Sorry Dan, but I threw it out. I consider myself pretty experienced at soldering & brazing. I even did some acetylene welding years ago.
The problem I see is Staybrite is still soft solder, which can easily be cut through with a hobby knife. Good silver solder is far harder and stronger by comparison. The horn joint flowed smoothly onto both materials and the fit was as close as I could make it with the small drills I have on hand. It looked perfect enough to me. However, when I clamped the horn in a vise and twisted the wire using vise grips it let go. I had to twist pretty hard but it did fail so I clearly wouldn't trust Staybrite for this purpose based on my one experiment.

The reason I decided to do this experiment was my jar of flux had completely dried out  and there is no local supply where I live in the country. I hoped to get a useable horn so I could finish off my JR. Nobler project. Today I'm trying to reconstitute the flux rock and I'll see if it still works before brazing the new horn.

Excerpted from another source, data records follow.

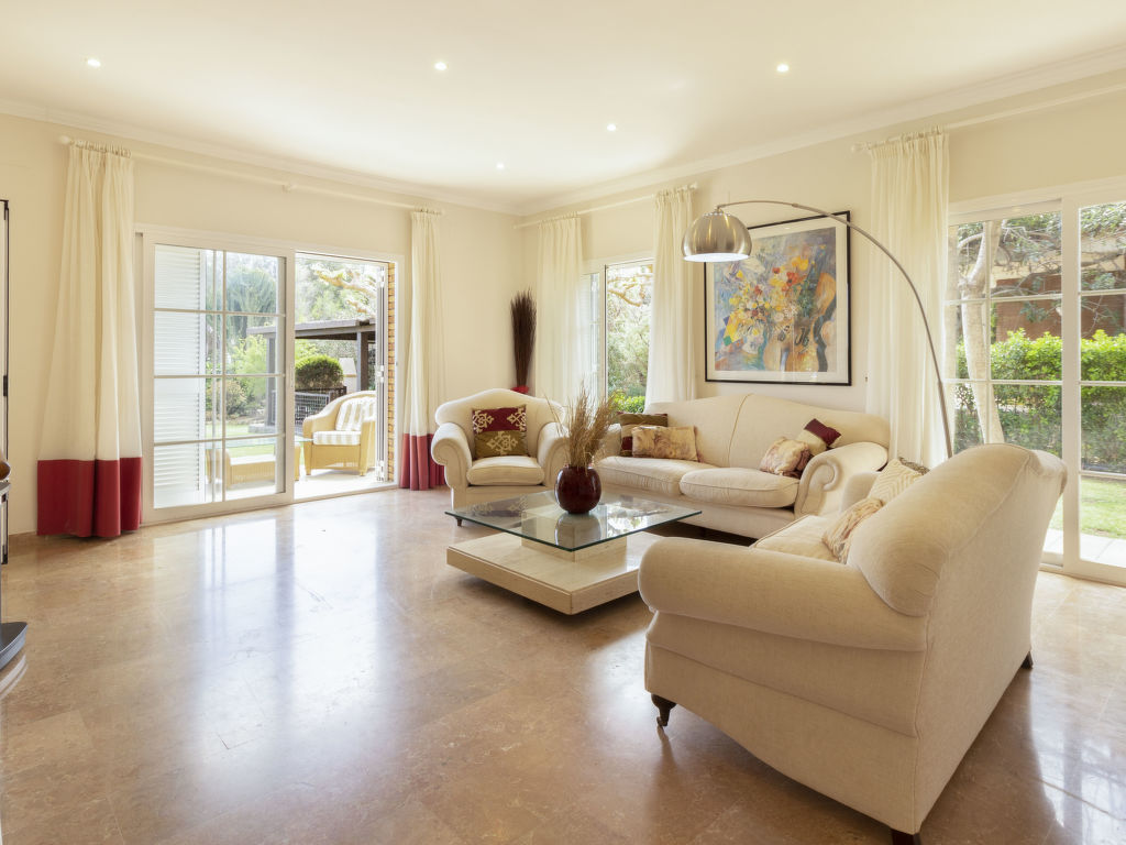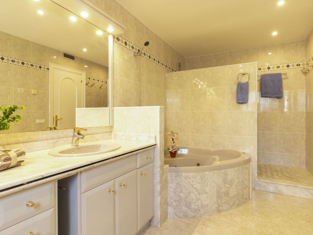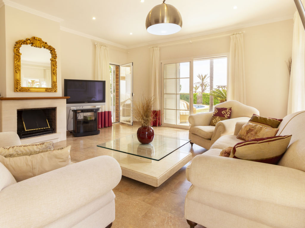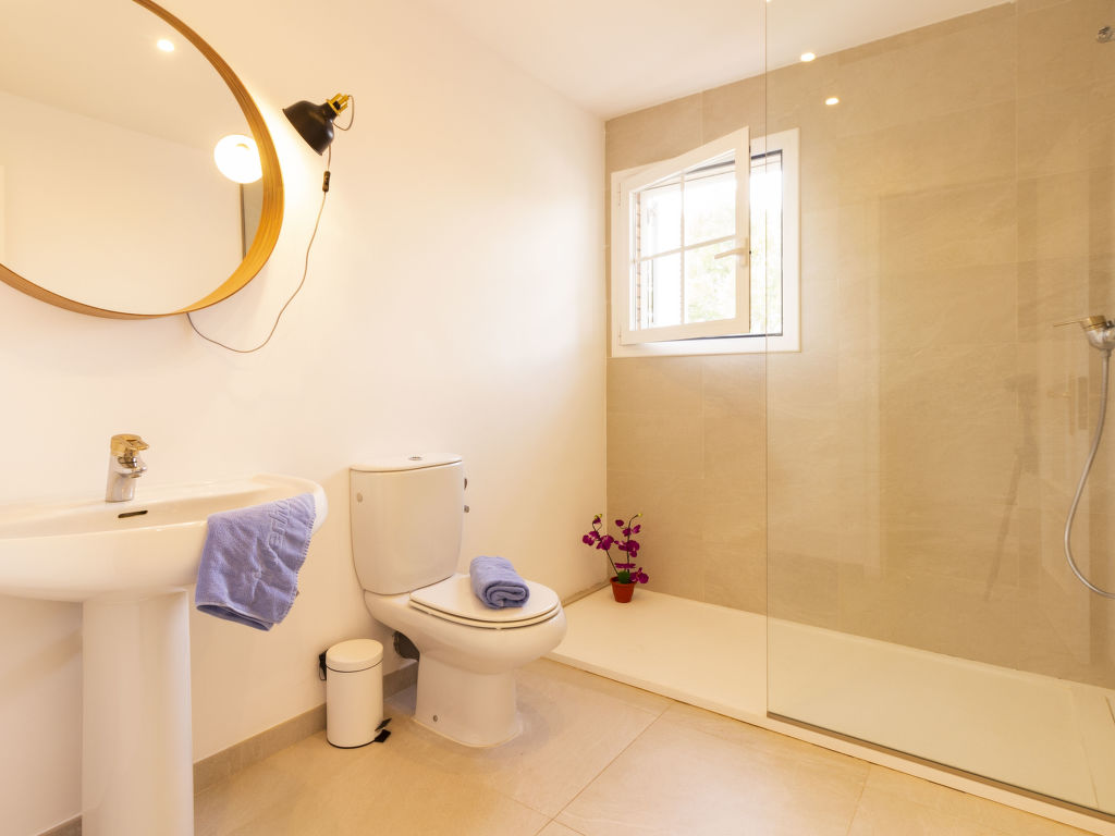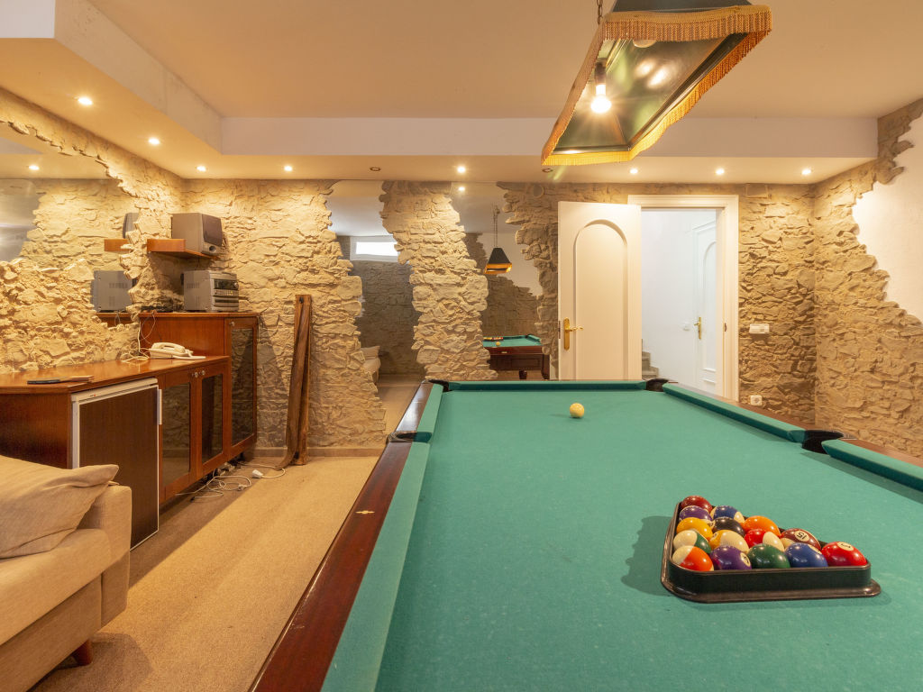 "Villa Cala Vidre B", 7-Zimmer-Villa 400 m2 auf 2 Stockwerken. Geräumig, luxuriös und stilvoll eingerichtet: Wohn-/Esszimmer mit offenem Kamin, Esstisch, Sat-TV, Digital-TV und E-Heizung. Ausgang zum Gartensitzplatz. Küche (Backofen, Geschirrspüler, 4 Glaskeramikherd Platten, Toaster, Wasserkocher, Mikrowelle, Tiefkühler, elektrische Kaffeemaschine). Sep. WC. Obergeschoss: 1 Zimmer mit 1 Doppelbett (180 cm), Bad/Bidet/WC. Ausgang zum Balkon. 2 Zimmer, jedes Zimmer mit 1 franz. Bett (150 cm). 1 Zimmer mit 2 Betten (90 cm). Bad/WC, Dusche/WC. Klimaanlage. Grosser Gartensitzplatz. Terrassenmöbel, Gartengrill. Herrliche Sicht auf das Meer. Zur Verfügung: Waschmaschine, Wäschetrockner, Sauna, Bügeleisen, Kinderhochstuhl, Babybett, Haartrockner. Internet (Wireless LAN, gratis). Bitte beachten: TV nur ES, DE, FR. HUTTE000371
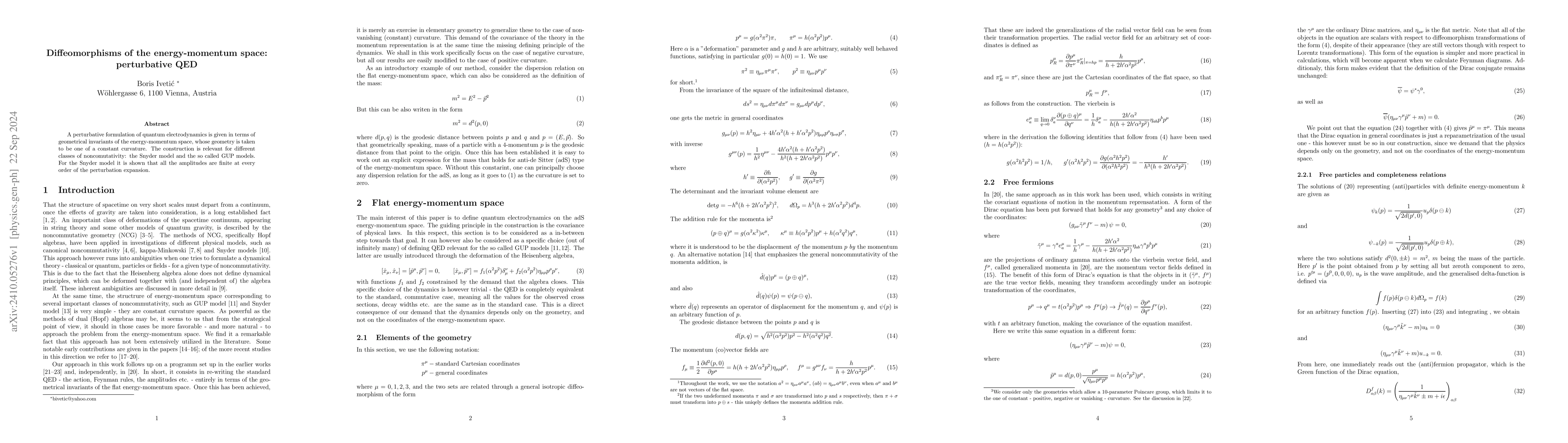 A perturbative formulation of quantum electrodynamics is given in terms of geometrical invariants of the energy-momentum space, whose geometry is taken to be one of a constant curvature. The construction is relevant for different classes of noncomutativity: the Snyder model and the so called GUP models. For the Snyder model it is shown that all the amplitudes are finite at every order of the perturbation expansion.
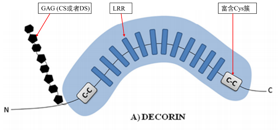 Decorin常用别名有PG40, PGII, PGS2等。人类decorin基因定位于染色体12q23,长度超过38kb,包含9个外显子。在小鼠中,该基因位于10号染色体上。Decorin有一个大约40 kda的核心蛋白,由10-12个富含亮氨酸的重复序列(LRR)基序组成一个弯曲的螺线管形,两侧都有富含半胱氨酸的簇。尽管存在三个潜在的糖胺聚糖或称粘多糖(glycosaminoglycan ,GAG)的连接位点,但只有一个位点连接约40kDa的单个GAG链(或者是硫酸软骨素CS或者是硫酸皮肤素DS),由此产生一个表观分子量约为130kDa的分子。
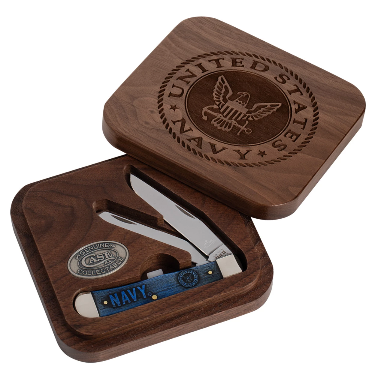 Case Trapper 17726 U.S. Navy Gift Set Embellished Smooth Natural Bone w/ Blue Color Wash (6254 SS) Embellished Wooden Box
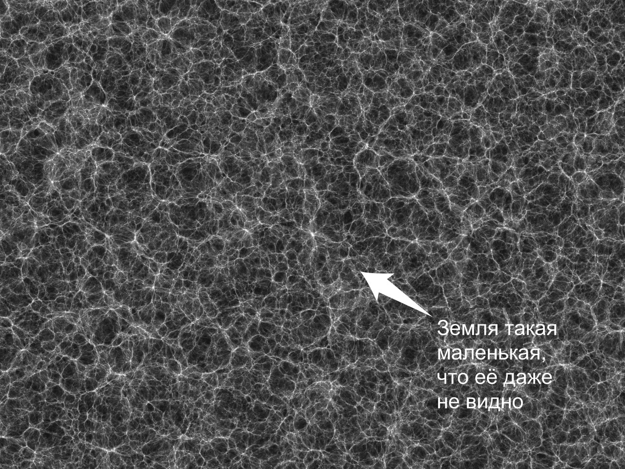 Современная космология; модель Вселенной в очень большом масштабе, где показаны миллиарды галактик, в каждой из которых насчитываются миллиарды звёзд, и у многих звёзд есть системы планет, похожие на Солнечную
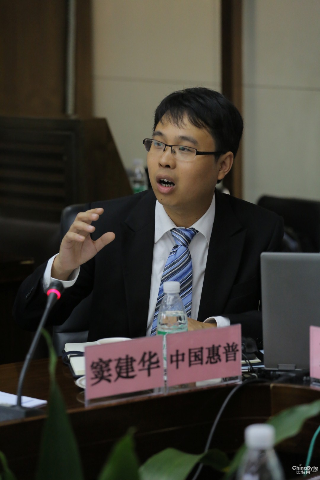 中国惠普有限公司企业集团技术服务部解决方案经理窦建华向媒体介绍惠普综合政务服务体系
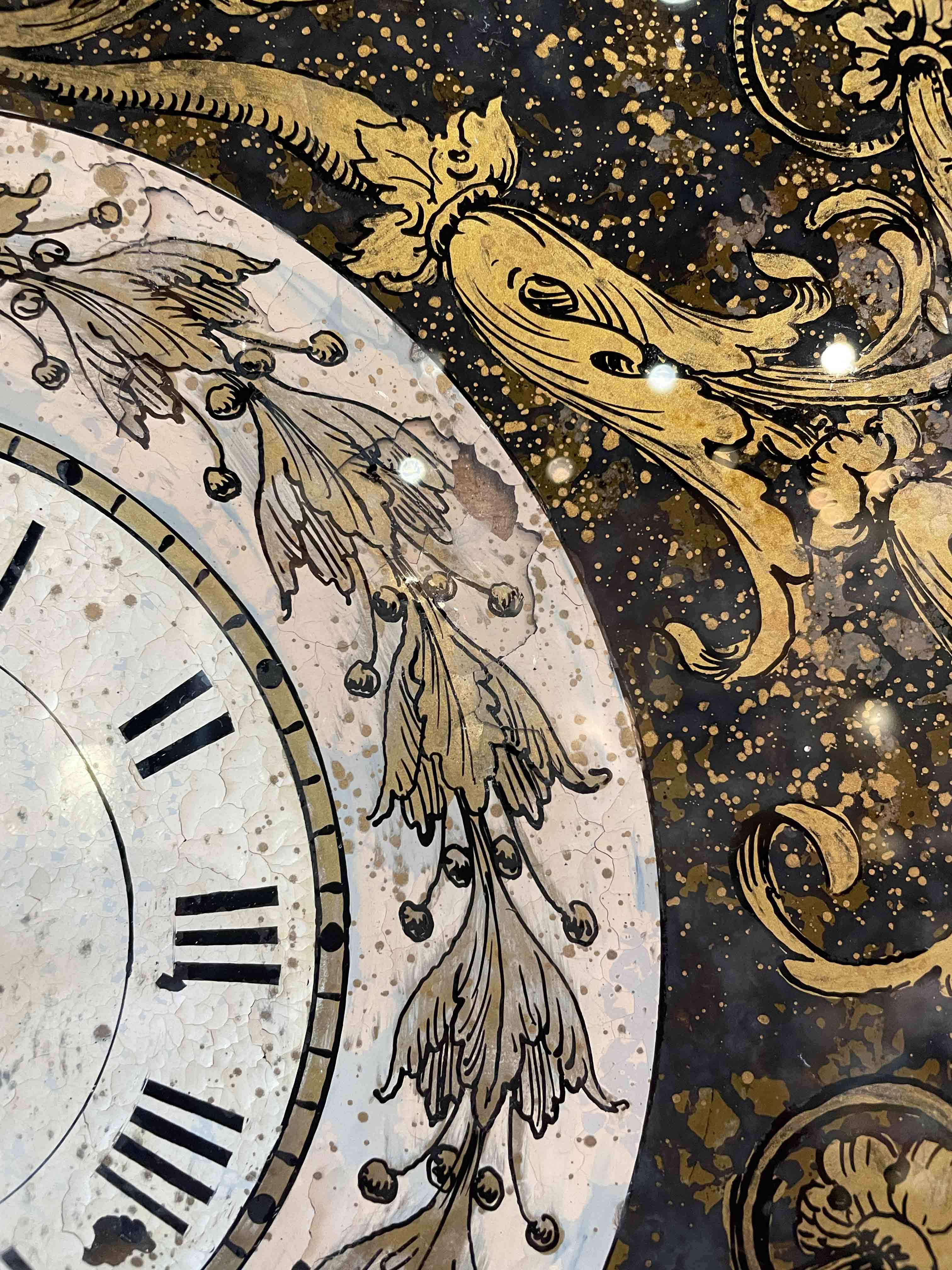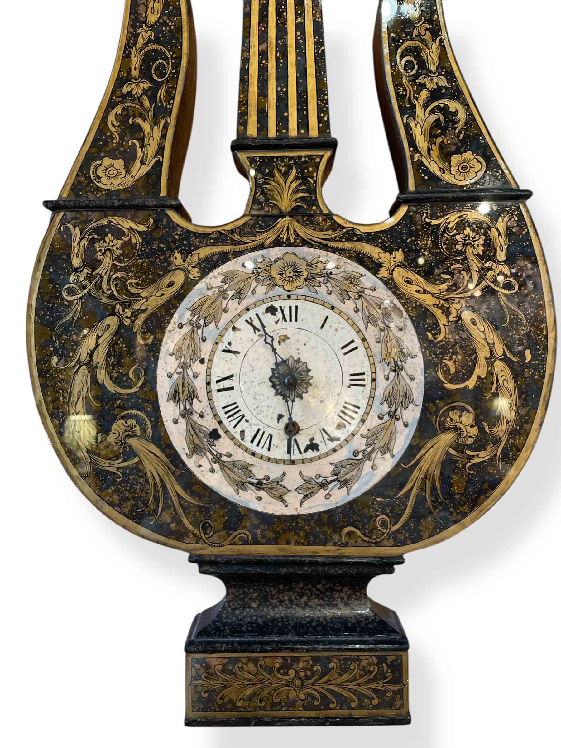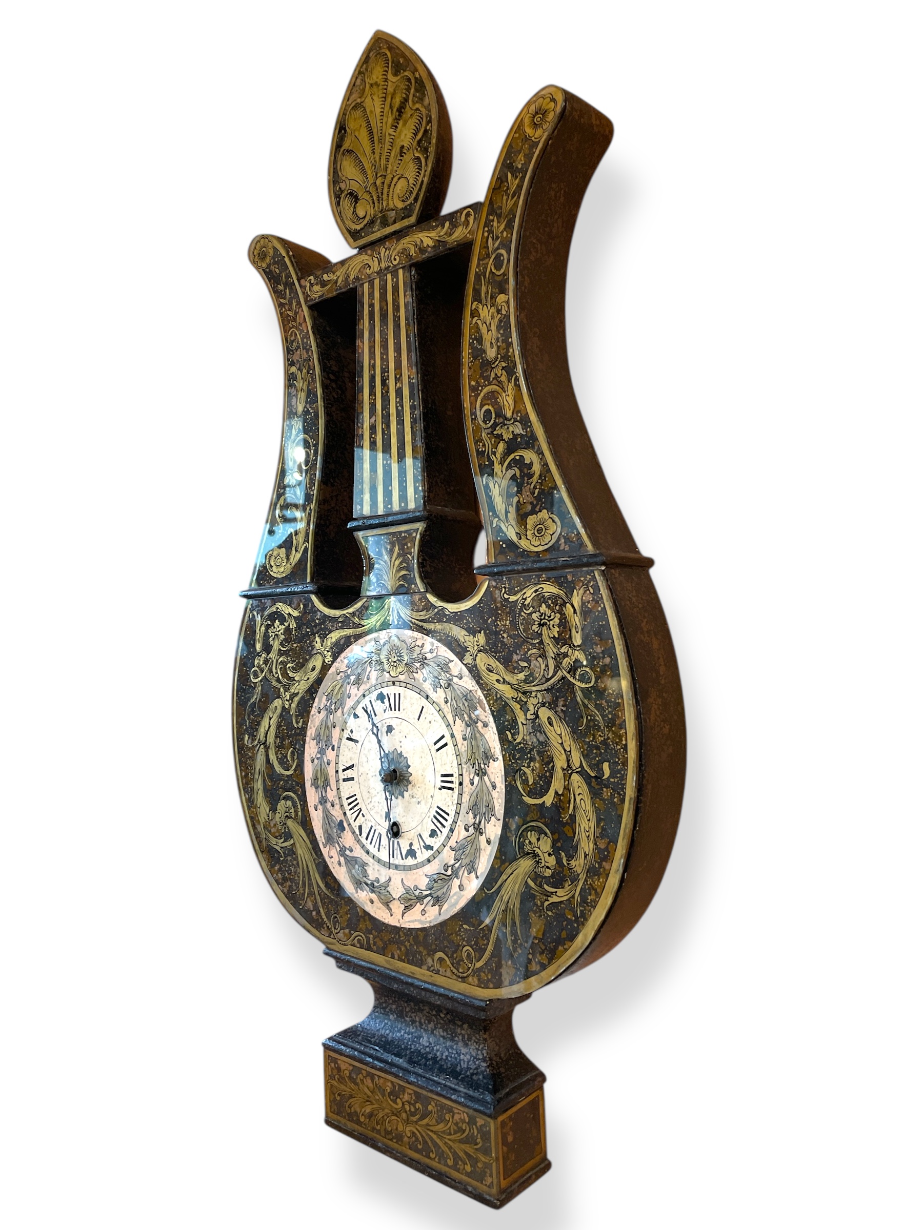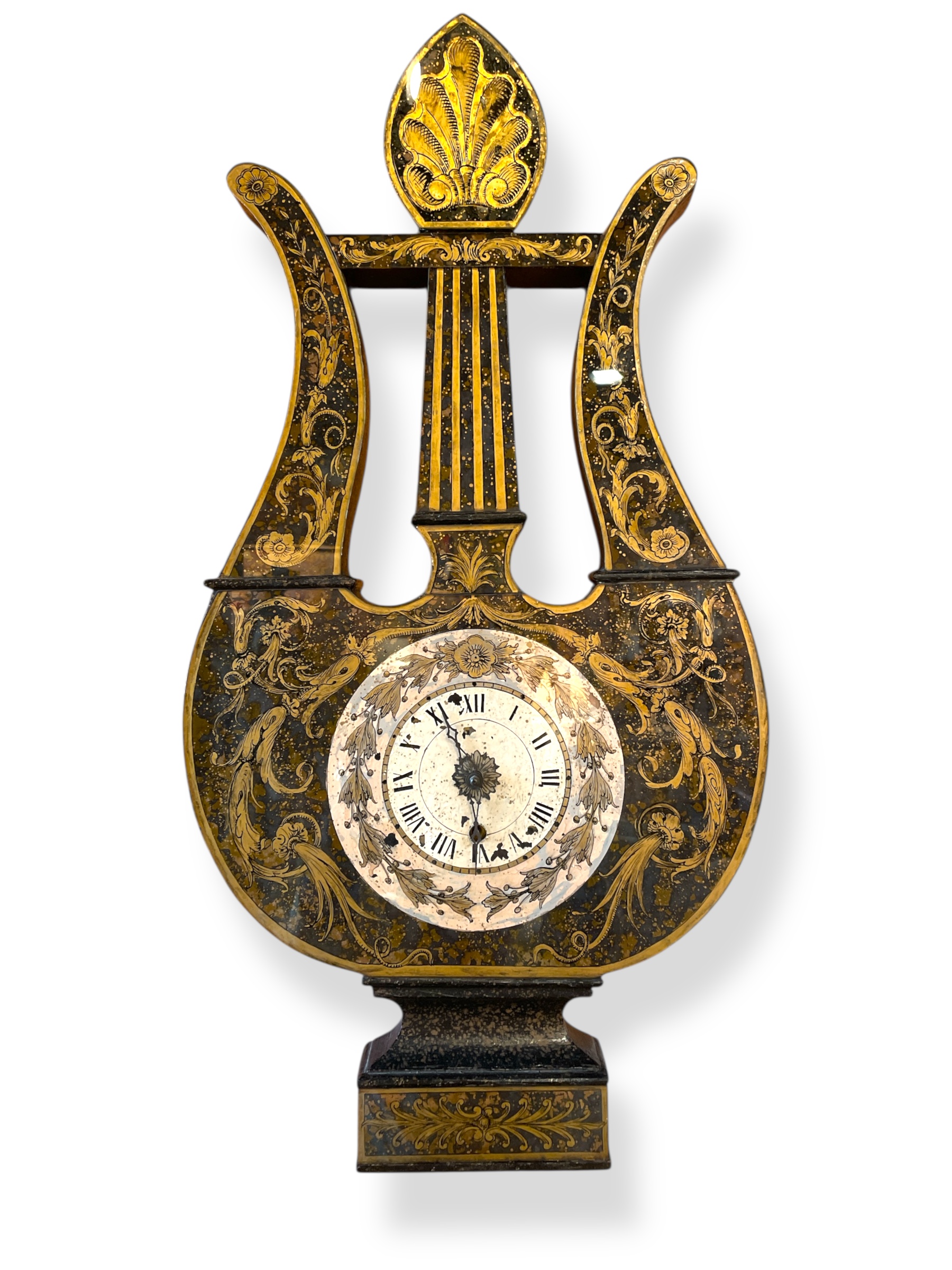 Early 19th C French eglomise lyre-shaped clock. (Not operable.)

  If that is the stuff you were using, that's not stay brite. The flux with Stay Brite is a clear liquid, and the wire in the picture looks like the higher silver alloy material. It's in a bigger coil like that and comes in a flat plastic "can" type package. Silver solder flux can become contaminated and I was always taught to keep it covered, and like Bret says, when it gets crusty, a few drops of water will bring it back. The stuff I'm used to is white, and in a pinch, just putting some dried flakes on a joint where it will stay put and carefully heating it, it will still melt, just make sure it flow where you need it.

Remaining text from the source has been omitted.